**TASK DETAILS:** Everything in the records must be reproduced exactly, except for the pictures.

**WORKING DATA:**
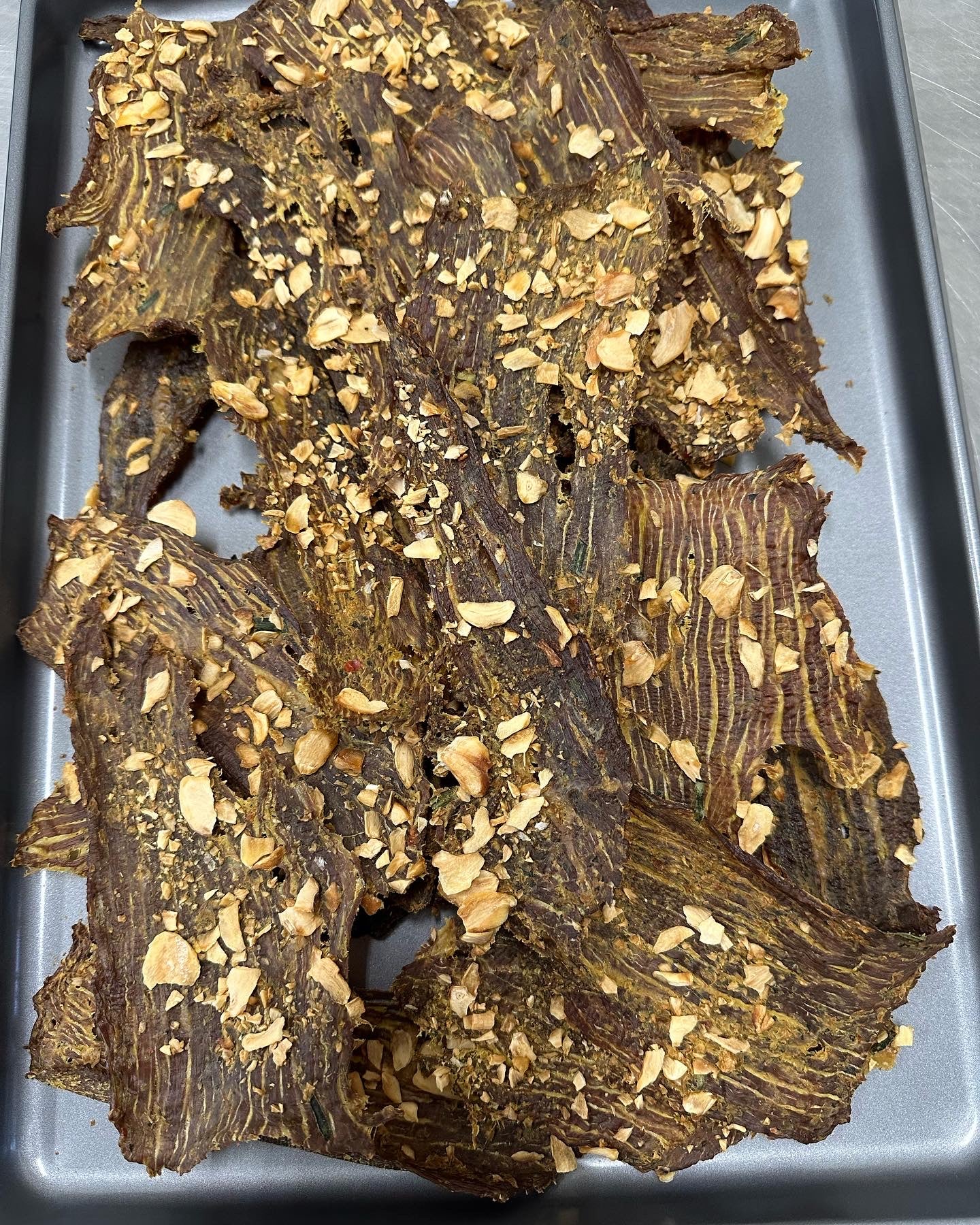 Golden hues, Dried garlic, creamy coconut, chicken stock and fish sauce have what in common? They all form the backbone of Ohn No Khao Swe. What better way to take a dish synonymous with Myanmar than on a beef jerky chip. One bite and you’ll go on an adventure. Theres some everlasting gobstopper type action here. Unfortunately, though snozzberries were unavailable. However, im sure they would very much taste like snozzberries.
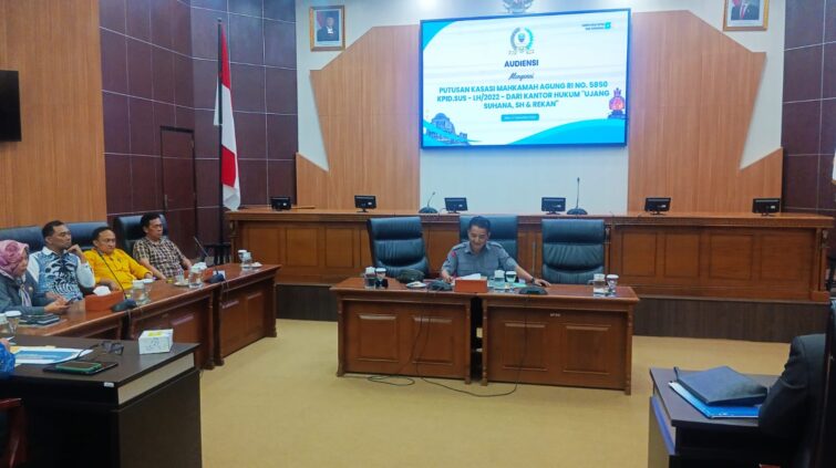 Sumedang | Metronasionalnews.com – Komisi IV DPRD kabupaten Sumedang menerima Audensi dari kantor hukum Ujang Suhana SH tentang putusan Mahkamah Agung Republik Indonesia nomor 5850 KPID. SUS -LH/2022 pada Rabu, 17 September 2025 bertempat di Ruang Rapat paripurna DPRD Kabupaten Sumedang hadir dalam acara tersebut bagian hukum, Dinas PUTR, Dinas lingkungan Hidup, Ketua Korwil APRESi serta divisi hukum DPD APRESi ( Asosiasi Pengembangan Perumahan dab Permukiman Indonesia )
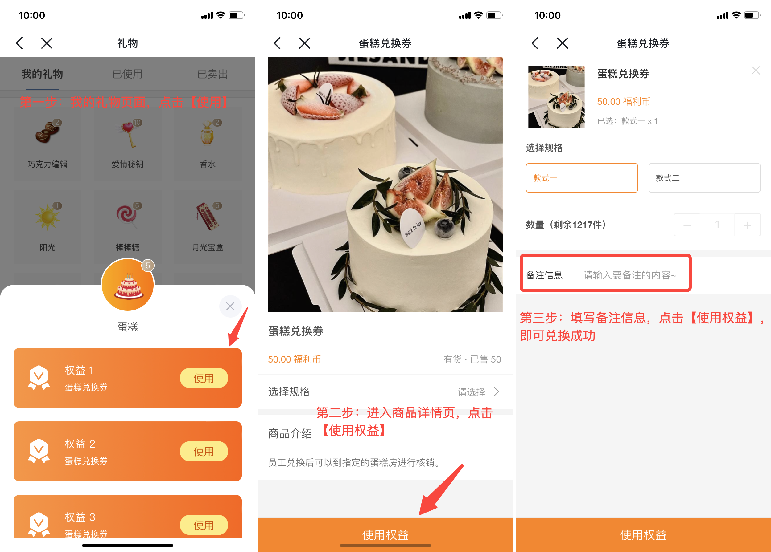 使用礼物权益兑换商品时,支持填写备注信息
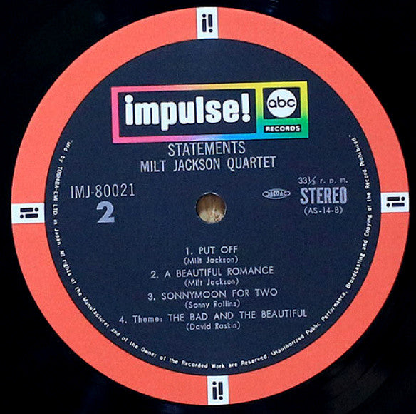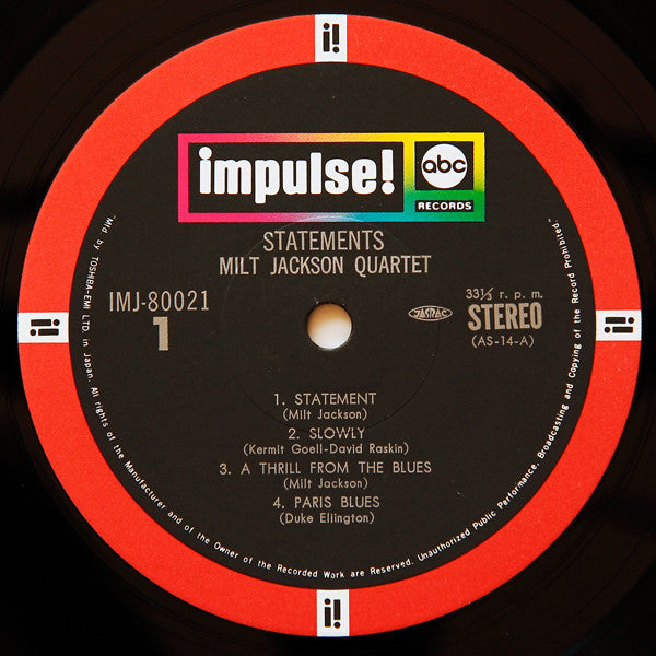 The Milt Jackson Quartet - Statements (LP, Album, Reissue, Stereo) - Very Good (VG) / Very Good (VG)
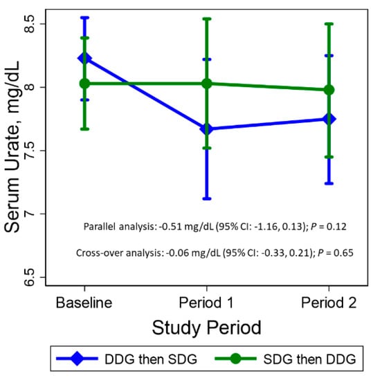 There was no within-person difference in SU between the DDG and SDG periods when the planned crossover analysis was performed (difference −0.06 mg/dL; 95% CI: −0.33, 0.21). In a period 1 only analysis, compared to SDG, DDG reduced SU by 0.51 mg/dL (95% CI: −1.16, 0.13).
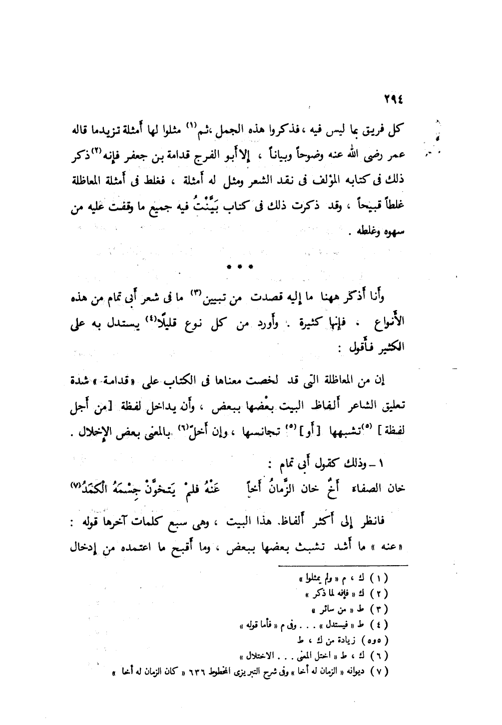 وأنا أذكر ههنا ما إليه قصدت من سائر ما في شعر أبي تمام م هذه الأنواع فإنها كثيرة، وأورد من كل نوع قليلا، فيستدل به على الكثير؛ فأقول: إن من المعاظلة التي قد لخصت معناها في الكتاب على قدامة شدة تعليق الشاعر ألفاظ البيت بعضها ببعض، وأن يداخل لفظة من أجل لفظة تشبهها أو تجانسها، وإن اختل المعنى بعض الاختلال.
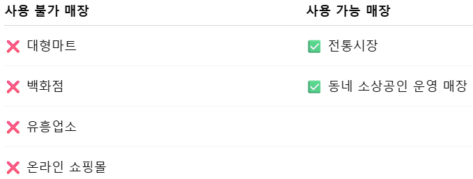 중요합니다. 사용처에 제한이 있어요!
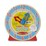 The detailed clock face has large red numbers to match the hour hand, small blue numbers to match the minute hand, and a segmented color disk to help kids visualize "quarter past" and "half past."
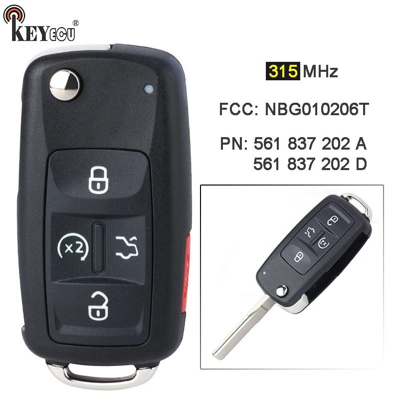 Keyforkess 315MHz ID48 Chip 561 837 202 A / 561837202D portachiavi A distanza per Volkswagen Golf Beetle Jetta Passat R32 Eos GTI Rabbit CC
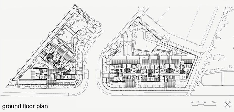 Lot 24 is a V-shaped block and lot 18 is a linear block sited parallel to the footway of Anzac Parade, Gubbuteh Road and the pedestrian way along the Eastern Suburbs banksia shrub reinforcing the definition of the street. The northern face of the building on lot 18 is designed to open onto Gubbuteh Road and mirrors the northern face of the building on Lot 24 with its views back to the city.

**ANSWER BOX:**
 Golden hues, Dried garlic, creamy coconut, chicken stock and fish sauce have what in common? They all form the backbone of Ohn No Khao Swe. What better way to take a dish synonymous with Myanmar than on a beef jerky chip. One bite and you’ll go on an adventure. Theres some everlasting gobstopper type action here. Unfortunately, though snozzberries were unavailable. However, im sure they would very much taste like snozzberries.
 Sumedang | Metronasionalnews.com – Komisi IV DPRD kabupaten Sumedang menerima Audensi dari kantor hukum Ujang Suhana SH tentang putusan Mahkamah Agung Republik Indonesia nomor 5850 KPID. SUS -LH/2022 pada Rabu, 17 September 2025 bertempat di Ruang Rapat paripurna DPRD Kabupaten Sumedang hadir dalam acara tersebut bagian hukum, Dinas PUTR, Dinas lingkungan Hidup, Ketua Korwil APRESi serta divisi hukum DPD APRESi ( Asosiasi Pengembangan Perumahan dab Permukiman Indonesia )
 使用礼物权益兑换商品时,支持填写备注信息
 The Milt Jackson Quartet - Statements (LP, Album, Reissue, Stereo) - Very Good (VG) / Very Good (VG)
 There was no within-person difference in SU between the DDG and SDG periods when the planned crossover analysis was performed (difference −0.06 mg/dL; 95% CI: −0.33, 0.21). In a period 1 only analysis, compared to SDG, DDG reduced SU by 0.51 mg/dL (95% CI: −1.16, 0.13).
 وأنا أذكر ههنا ما إليه قصدت من سائر ما في شعر أبي تمام م هذه الأنواع فإنها كثيرة، وأورد من كل نوع قليلا، فيستدل به على الكثير؛ فأقول: إن من المعاظلة التي قد لخصت معناها في الكتاب على قدامة شدة تعليق الشاعر ألفاظ البيت بعضها ببعض، وأن يداخل لفظة من أجل لفظة تشبهها أو تجانسها، وإن اختل المعنى بعض الاختلال.
 중요합니다. 사용처에 제한이 있어요!
 The detailed clock face has large red numbers to match the hour hand, small blue numbers to match the minute hand, and a segmented color disk to help kids visualize "quarter past" and "half past."
 Keyforkess 315MHz ID48 Chip 561 837 202 A / 561837202D portachiavi A distanza per Volkswagen Golf Beetle Jetta Passat R32 Eos GTI Rabbit CC
 Lot 24 is a V-shaped block and lot 18 is a linear block sited parallel to the footway of Anzac Parade, Gubbuteh Road and the pedestrian way along the Eastern Suburbs banksia shrub reinforcing the definition of the street. The northern face of the building on lot 18 is designed to open onto Gubbuteh Road and mirrors the northern face of the building on Lot 24 with its views back to the city.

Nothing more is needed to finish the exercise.